I try very hard to dive into the pain, only the pain. The pain by itself. My head fights me.

It’s so unfair, says my brain. It hurts so much and here you are not even getting the respite of sleep.

I crawl into a hole of panic that it will never go away, that I’ve done something wrong, that I missed a step. Panic that I don’t know where I am, that I am lost, that I am alone. Panic that I will never sleep and will just live on in a continual circle of pain.

Panic is not pain. Panic is suffering. I try to breathe, which hurts but at least gives me perspective. At least gives me oxygen.

I lie there and talk to myself. Try to talk myself away from my brain even while I form arguments against the panic.

Nothing lasts. It will pass. There is a reason. You are learning. What a thrill to get to be where you are. Walk through the fire. Nothing lasts.
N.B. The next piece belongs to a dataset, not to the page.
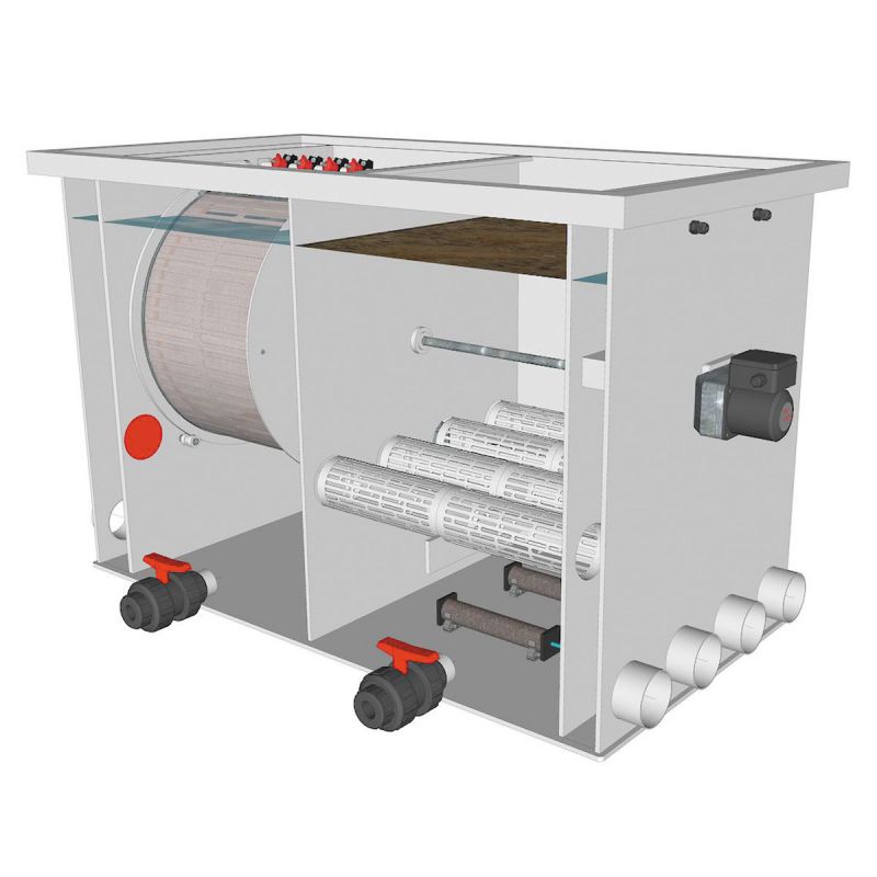 Le filtre à lit mobile est un filtre biologique et après élimination de la saleté grossière à travers le filtre à tambour, l'eau se retrouve dans ce filtre biologique. Ici, des substances nocives telles que l'ammoniac et le nitrite sont transformées par les bactéries en nitrate inoffensif.

It will pass.

I breathe into the night.

The pain is a burning sensation, like my side has become a black coal with flames at the edges and charcoal flaking black ash in the center. It is only one spot, like a meteor has hit me. It heats up when I breathe in, fans on the flames, sparks flickering, and calms—smoldering— when I breathe out.

There isn’t any suffering when I don't moan and toss, when I don’t think about how much I would rather be in any other situation, when I don’t think about how unfair it is that I have to feel it, when I don’t think about what I am losing. There is only pain.

It is strange.

Suffering comes back quickly. The brain doesn’t like to be left out. It picks up where it left off a moment ago.
And suddenly the pain is excruciating. Because pain with suffering is unbearable. But pain alone is just pain.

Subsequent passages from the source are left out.